The Freeport plant seems a microcosm of small businesses across the country.  Bailouts are not the answer, gut-wrenching reality is.  We are a debtor nation because not only do we live in a dream world much of our enterprise does as well.  We expect optimism to be sufficient currency at the grocery store and scoff at pessimism when both have the same currency value. 

When such a plant is salvaged, usually there isn't much to be salvaged.  To find a way to give it new life, which is the creative destructive formula of capitalism, chances are it will move towards cheap labor.  In our culture, the one who picks up the pieces of a failed enterprise, not the sleeping dogs who operated the obsolescent operations for years, are the bad guys.  You cannot run a business on the audacity of hope, but can on the courage of fiscal policies that show a profit.  Romney did create companies that made it into the competitive ranks (Staples for one), and of course jobs were a result of that success. 

The consulting business is one of those corporate creations that have grown out of specialization and fragmentation.  My sense is that we are now moving back to the cottage industries of the past but with a science fiction toolkit where mega corporation prove increasingly anachronistic. 

The current issue of Foreign Affairs (November/December 2012) has a tantalizing article, "How to Make Anything: The Digital Fabrication Revolution That's Turning Science Fiction into Industrial Fact" (Neil Gershenfeld of MIT, pp 43-57). 

This article is telling us that cumbersome factories are of the past and that precise manufacturing is going to science fiction perfection.  It means far far less workers doing grunt work, far far less workers who bring their bodies to work and leave their minds at home, and far far more systemically skilled workers with brains and manual dexterity with 3-D perception. 

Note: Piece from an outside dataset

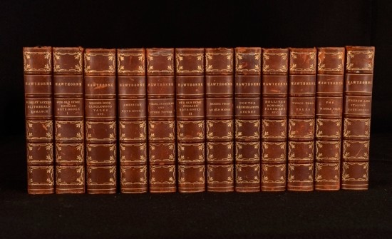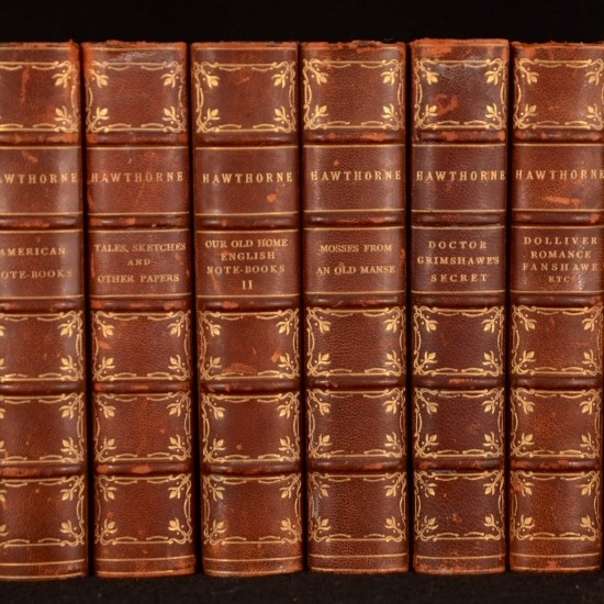 Click here to see our other books! The Works of Nathaniel Hawthorne Nathaniel Hawthorne 1882-1899 Houghton, Mifflin and Company : London 7.5" by 5" vi, 600pp; 588pp; 619pp; 637pp; 458pp; vi, 569pp; 659pp; xiii, 368pp; 521pp; 538pp; 527pp; 574pp SUMMARY Twelve volumes of The Works of Nathaniel Hawthorne. Decorative Binding,Illustrated,Leather Binding Overall Condition: Very Good This book weighs 10 KG when packed UK Postage: £ 4.49 US Postage: £ 68.99 EU Postage : £ 36.99 European Postage: £ 65.99 Asia Postage: £ 12999.00 Worldwide Postage: £ 229.99 DESCRIPTION Originally published individually with different dates to copyright pages, this previous owner has collected twelve of the thirteen volumes. I The Scarlet Letter and The Blithedale Romance II Our Old Home and English Notebooks I III Our Old Home and English Notebooks II IV A Wonder-Book, Tanglewood Tales and Grandfather's Chair V American Notebooks VI Tales, Sketches and Other Papers. With a Biographical Sketch by George Parsons Lathrop VII Mosses From an Old Manse VIII Doctor Grimshawe's Secret IX The Dolliver Romance, Danshawe, Septimus Felton, With an Appendic Containing The Anestral Footstep X Twice Told Tales XI The Marble Faun XI French and Italian Notebooks Collated, appears to be lacking The House of Seven Gables and The Snow Image. With an illustrated frontispiece to each volume and an additional two facsimile plates to the start of Dr Grimshawe's Secret. Nathaniel Hawthorne was an Amerian novelist, Dark Romantic, and short story writer. Much of his writing centres on New England, with many featuring moral allegories with Puritan inspiration. His fictional writings are in the Romantic canon, more specifically, Dark Romanticism. CONDITION In uniformly bound half morocco with marbled paper covered boards. Gilt stamped detailing to spines with the top edge gilted also. Externally, smart with rubbing to the spines and joints, particularly to the head and tail. Minor losses to the head of volumes XII, XI, I and VI. Small loss to volume V and the head of the front joint. Volumes II and IV have very minor losses to the head and tail of spines. Volumes X and XI are particularly rubbed to spines. Volume XII has a small loss to the top raised band. Front hinge to volume VI is slightly strained but firm with the endpapers separating from textblock, though still bound to front pastedown. Prior owner's bookplate to front pastedown, D M Coffin. Internally, all volumes are firmly bound. Pages are very bright with instances of scattered spots throughout. Overall Condition: Very Good GLOSSARY OF TERMS Overall Condition (Dustwrapper condition rating is shown after that for the book itself, where a dustwrapper is present) Fine - Very well preserved copy showing very little wear Very Good Indeed - Only one or two minor faults, really a very attractive copy Very Good - Quite a wide term meaning no major faults but probably several smaller ones often expected given the age of the book, but still a respectable copy Good - Meaning not very good. Some more serious faults as will be described in the condition report under 'condition' Good Only - Meaning one or more faults that could really do with repair Fair - As with good only above but with other faults leaving a compromised copy even after repair Poor - Really bad and possibly seriously incomplete. We only sell books in this condition where their rarity or value makes them attractive none the less. Major defects will be described. GUARANTEE We offer a full money back guarantee on our descriptions. Please ask for details and conditions. We prefer PAYPAL. If you pay via PAYPAL we will post the item off the same or the next working day with the postage you have selected. Please note we cannot accept USD cheques

We don't have many such workers today.  Our schools are not turning them out.  A president cannot make a wish list and see it transmute into instant super manpower reality.  Our dreamer-reelected president must keep this in mind.

Tom Friedman of "The World is Flat" fame reported the other day that a small metal fabrication plant in Wisconsin advertised for welders with very specific requirements in the ad for what skill base was needed.  They expected at least 800 responses; they got twelve with only one welder having the math (geometry/trigonometry acumen) and engineering (mechanical) skills to do the work required. 

Even welding isn't welding anymore. 

We are in for a very bumpy road which cannot be avoided because parents aren't doing their jobs motivating their children to study the tough courses in school, and schools are not offering much less presenting these courses to students in a way that they might be appealing other than to the college bound.  Everyone today should appreciate that they are part of the technology age.  Math and science are the steroids to the future.

Thank you for your candor and well defined views.  I always appreciate hearing from you.

Be always well,

Jim

PS I voted for Mitt Romney.  I see a lot of myself in him and see little of myself in the president.  Some think me more the dreamer, but I believe BB will tell you I am more the mechanic.  I wish the president well, and at the same time, am proud of the vigorous campaign that Mitt Romney conducted.  The people have decided, so lets get on with it!